Cela n’empêche pas les deux hommes de se servir largement dans la musique Renaissance : le premier plan séquence du film, celui du champ de bataille, reprend un psaume de Roland de Lassus, compositeur belge de la Renaissance. Ces psaumes de la pénitence, publiés en 1565, rappellent le fonds historique religieux des guerres entre les catholiques et les protestants. Le film se termine sur le même psaume.

De la même façon, à la minute 80, lors de l’arrivée du duc d’Anjou à la cour où se trouvent déjà Marie de Montpensier et son époux, la musique est un branle, musique typique de la Renaissance et issue du Moyen-Age ; c’est donc à la fois un travail de musicien et d’archiviste qu’a effectué Philippe Sarde. Il dira lors d’un entretien avec le magazine web Cinézik que « le film devait posséder une certaine dimension musicale, un souffle, une grandeur ».

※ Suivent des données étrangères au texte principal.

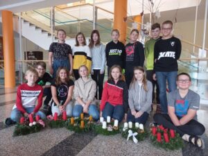 Um die Wartezeit zu verkürzen und uns auf die besinnliche Adventzeit einstimmen zu können, band heuer mit Hilfe von SILVIA HAHN, die dritte Klasse die Adventkränze für die Klassen und das Lehrerzimmer!
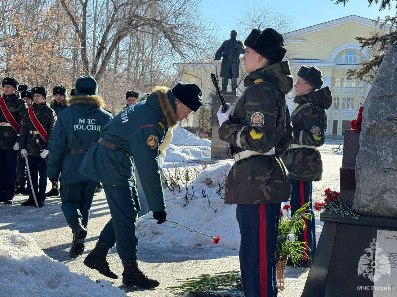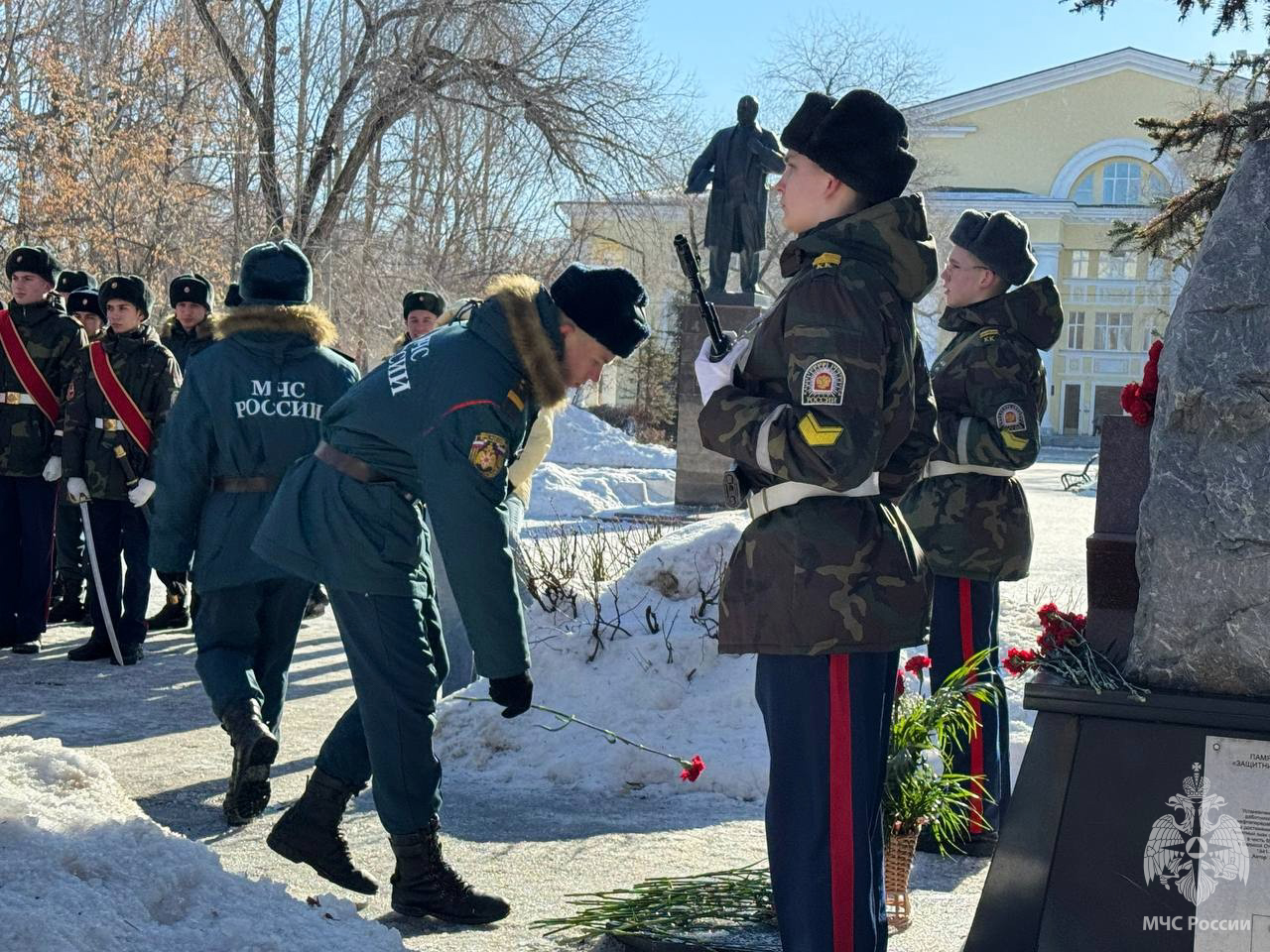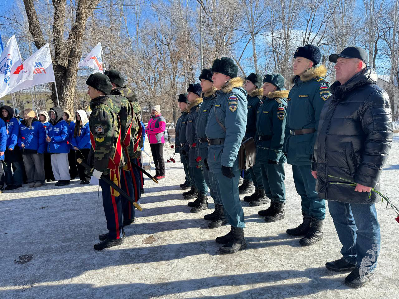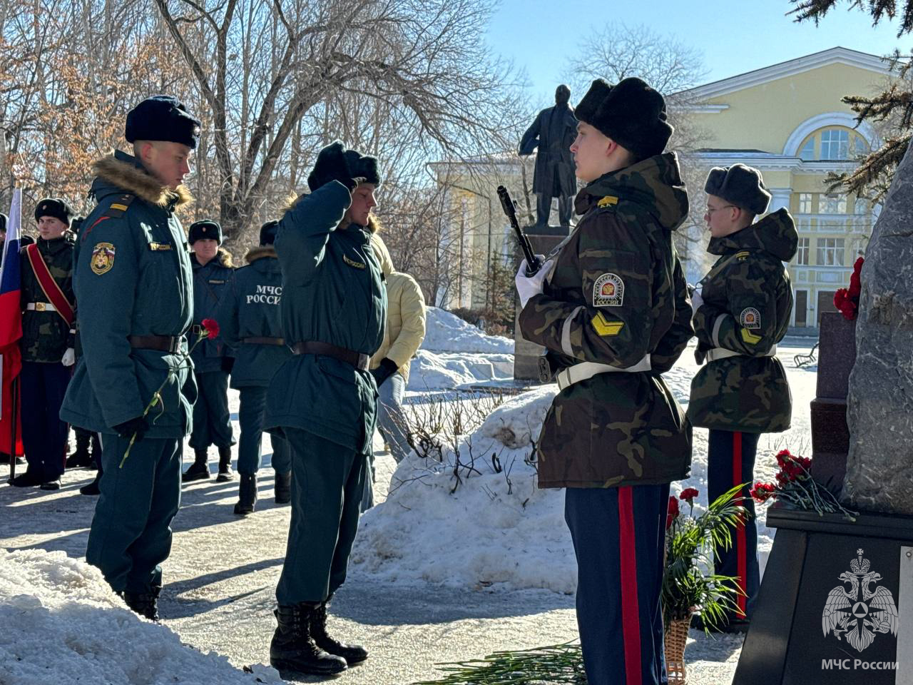 Знаменная группа кадетов школы №177 торжественно открыла митинг. Участниками стали не только военнослужащие спасательного центра и председатель ветеранской организации Сметанин Андрей Анатольевич, а также администрация Куйбышевского района, Актив Совета ветеранов района, активисты «Молодой Гвардии Единой России», учащиеся школы №74 с гордостью и трепетом почтили минутой молчания память ушедших бойцов и возложили цветы к мемориалу "Защитник Отечества".
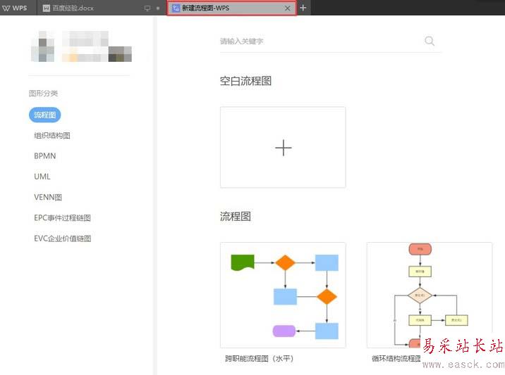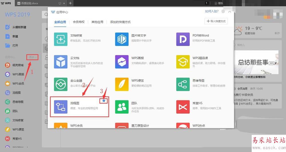 2、在WPS首頁左側“應用中心”選擇“流程圖”可以直接打開步驟1的圖3(應用中心未顯示該項的可在“更多”中找到相應功能點擊右上角的星標添加)
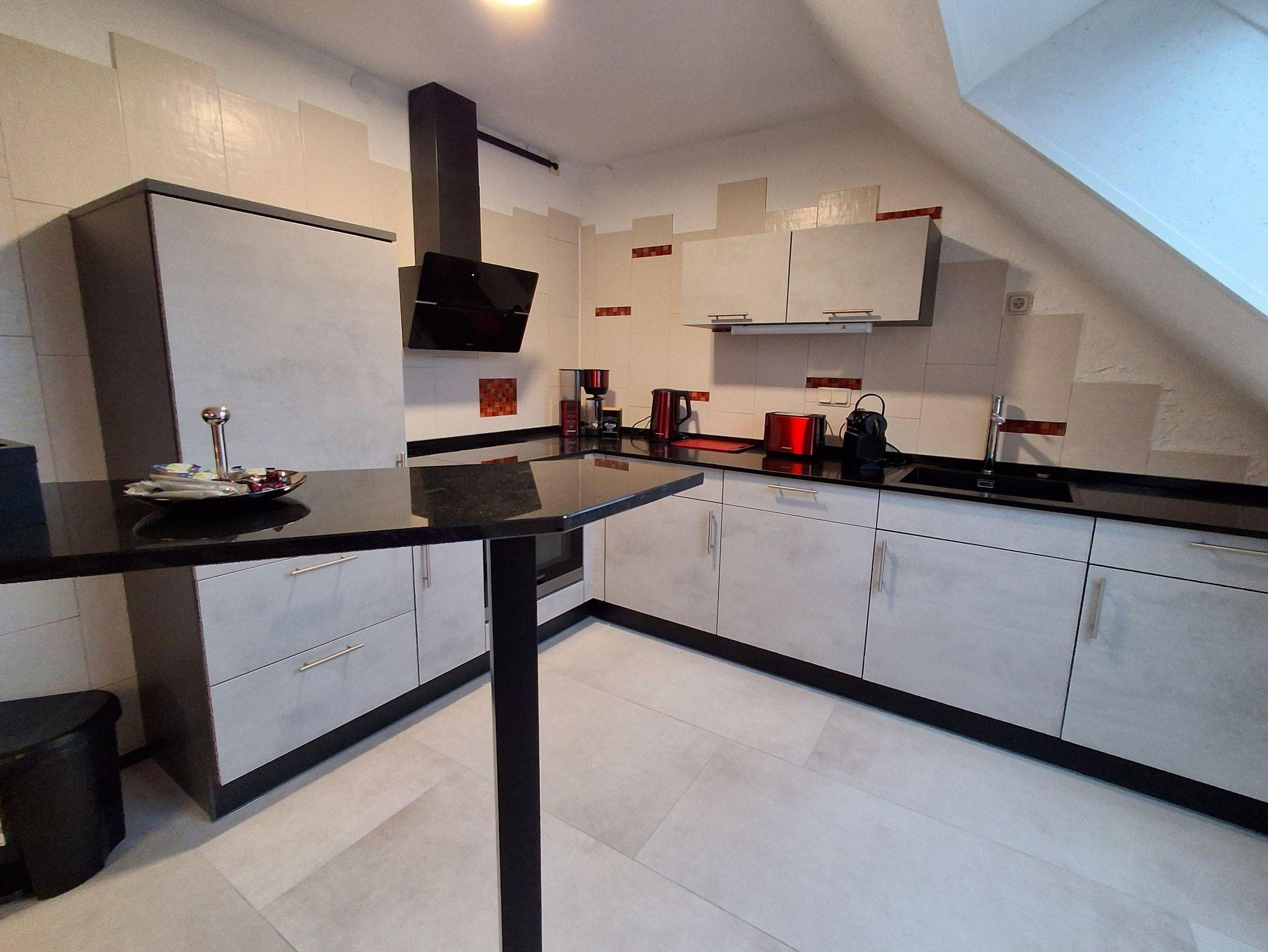 Im Essbereich laden ein Tisch mit vier Stühlen sowie ein Schrank mit Sekt- und Weingläsern zu gemütlichen Mahlzeiten oder einem Glas am Abend ein. Die voll ausgestattete Küche lässt keine Wünsche offen und bietet alles, was Sie für die Selbstverpflegung benötigen.
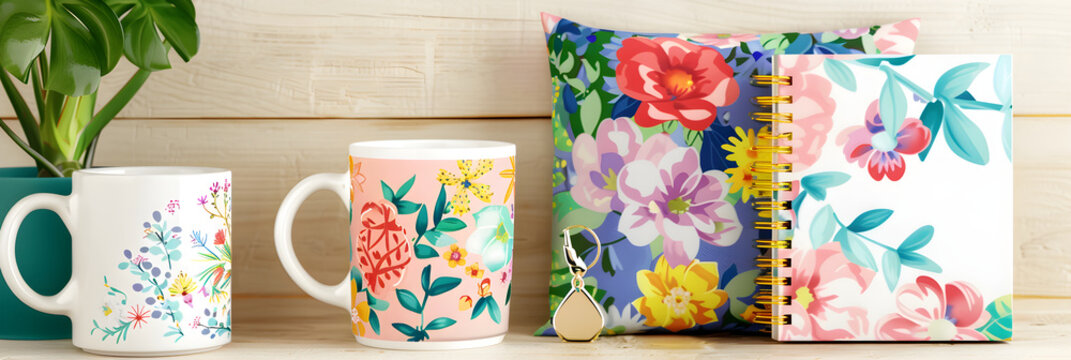 Zazzle's Unique Personalized Gift Ideas: Floral Mug, Stylish Notebook, Geometric Cushion, and Custom Keychain
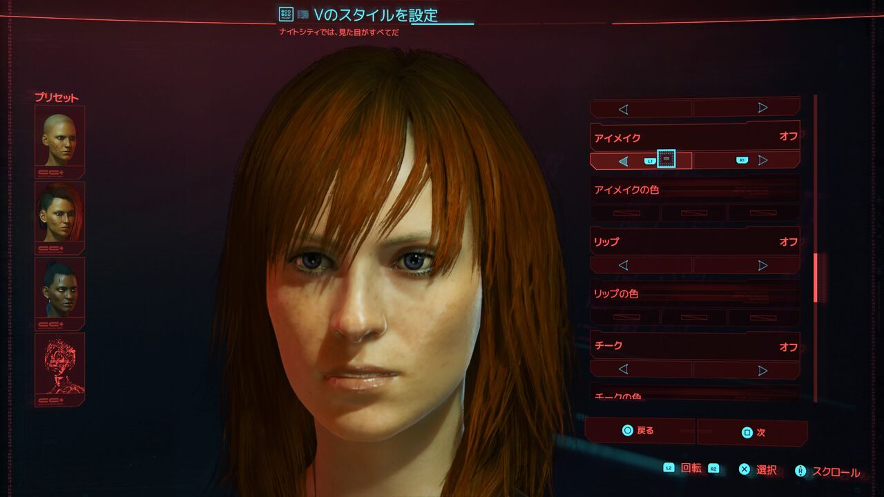 和ゲーは女主人公、洋ゲーは男主人公を基本使う僕ですが、サイバーパンクのメーカーはウィッチャー3と同じところで、ポリコレとは無縁の美人を作れるので、画像の女の子で始めました。
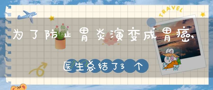 除此之外,还有什么比较好的办法可以防止胃炎演变成胃癌呢?一般来说做到以下三点就可以在很大程度上避免胃炎演变成胃癌。
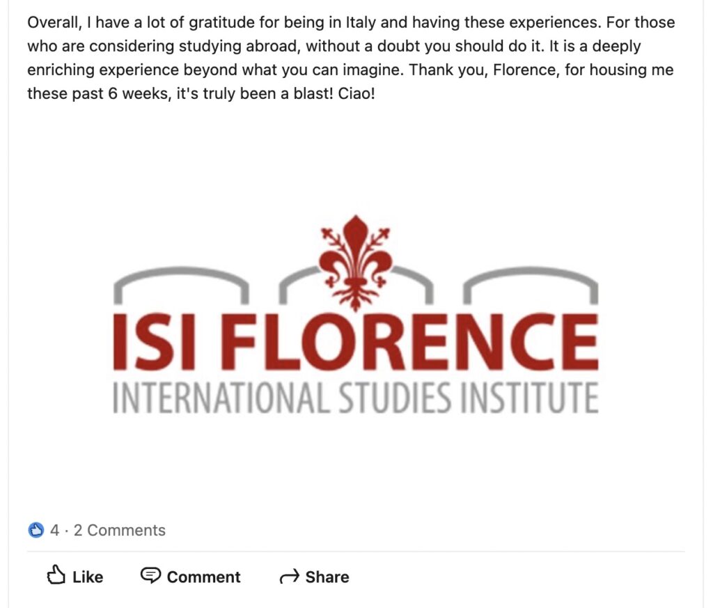 If you’re reading this, I’m seriously so excited for you. Studying abroad in Florence is such a special experience, and I hope you make the most of every second. Enjoy the food, the views, the slow mornings and spontaneous adventures. Soak it all in—you’re in for an amazing few months.
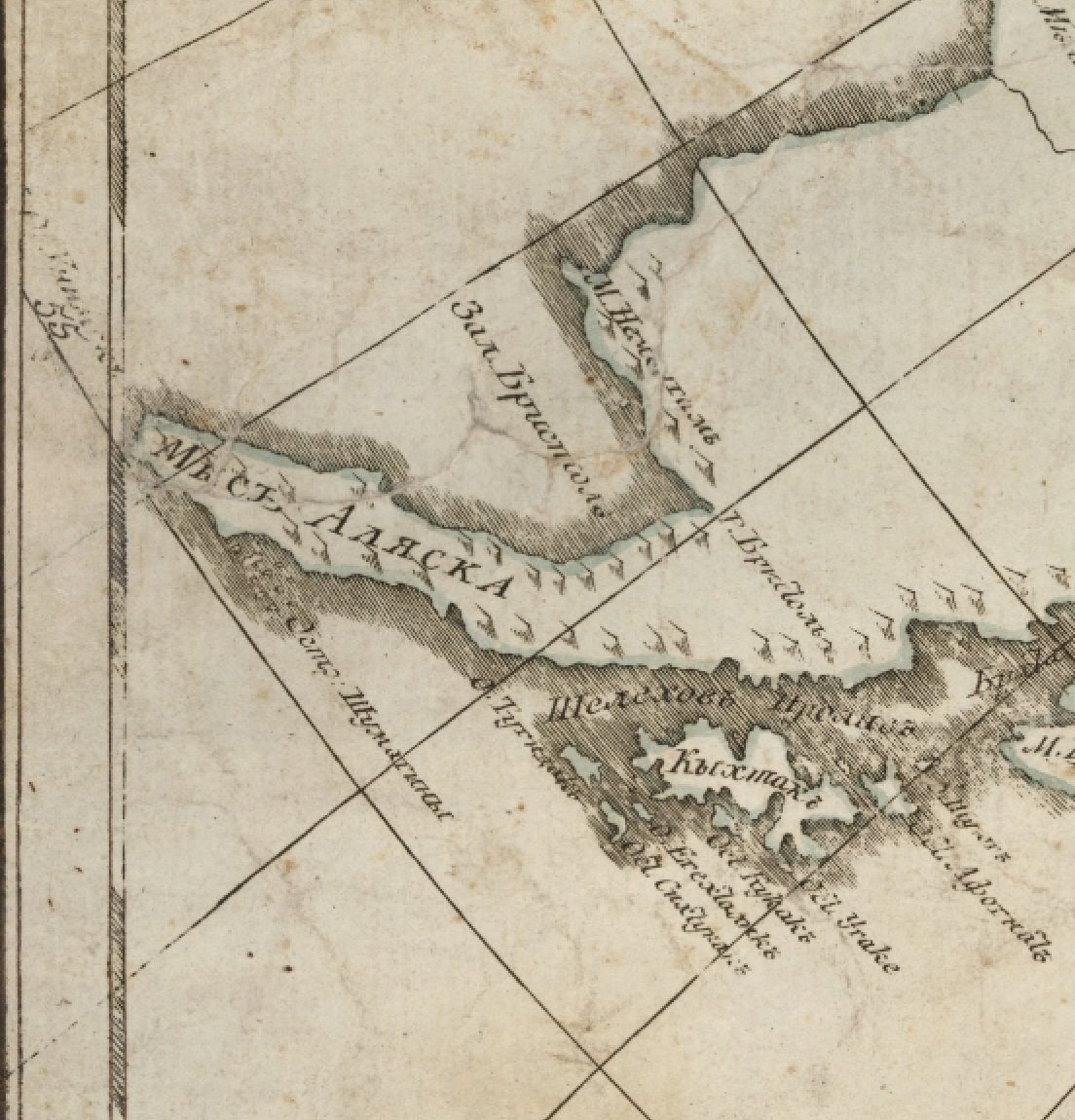 En el extremo norte de América del Norte, vemos que que #Alaska ya recibe el nombre con que hoy lo conocemos. Sin embargo, éste solo abarca la región más occidental del actual estado de Alaska e inicio de las islas Aleutianas.

Dans ce même entretien, Sarde décompose son travail : « Mon idée, c'était de déployer un grand thème qui cimenterait l'histoire d'amour, qui aille chercher le lyrisme très loin, très haut dans l'aigu. Un thème ambivalent, qui fonctionne aussi bien dans le sens Marie-Guise que Chabannes-Marie. Pour Chabannes, j'ai écrit un thème propre, en forme de portrait, au caractère plus retenu, plus religieux aussi ». Cet air de Chabannes sert de fil conducteur au personnage et rend compte aussi d’un des traits fondamentaux de son portrait : le guerrier.

Sarde va créer un thème pour Marie de Montpensier. « Or, ces deux thèmes, celui de la Princesse que l’on entend dans le film lors du départ de Marie au moment où elle se sépare de son mari, (minute 112) et de Chabannes, ont exactement le même traitement instrumental : viole de gambe, flûte à bec et cornet à bouquin, en avant de l'orchestre. C'est une manière invisible de lier et relier le destin des deux personnages. Vous connaissez mon credo : je ne suis pas compositeur mais scénariste musical ». Nous soulignons cette expression qui nous semble fondamentale. Etre scénariste musical, c’est au sens propre, mettre la musique en scène, et c’est ce que réclamait Tavernier à Sarde lorsqu’il lui demande « un souffle, une grandeur ».

Le travail du compositeur devient alors celui que le réalisateur a effectué auparavant sur la nouvelle (passionnante mise en abyme de démarches artistiques qui interrogent l’œuvre qu’elles mettent en scène) : ce travail consiste à se demander ce que veut dire l’auteur, ce qu’il veut faire passer pour le rendre musicalement au plus juste. En d’autres termes, une musique de film colle à une image. Il est essentiel de noter que Tavernier précise que la musique a été faite après le film.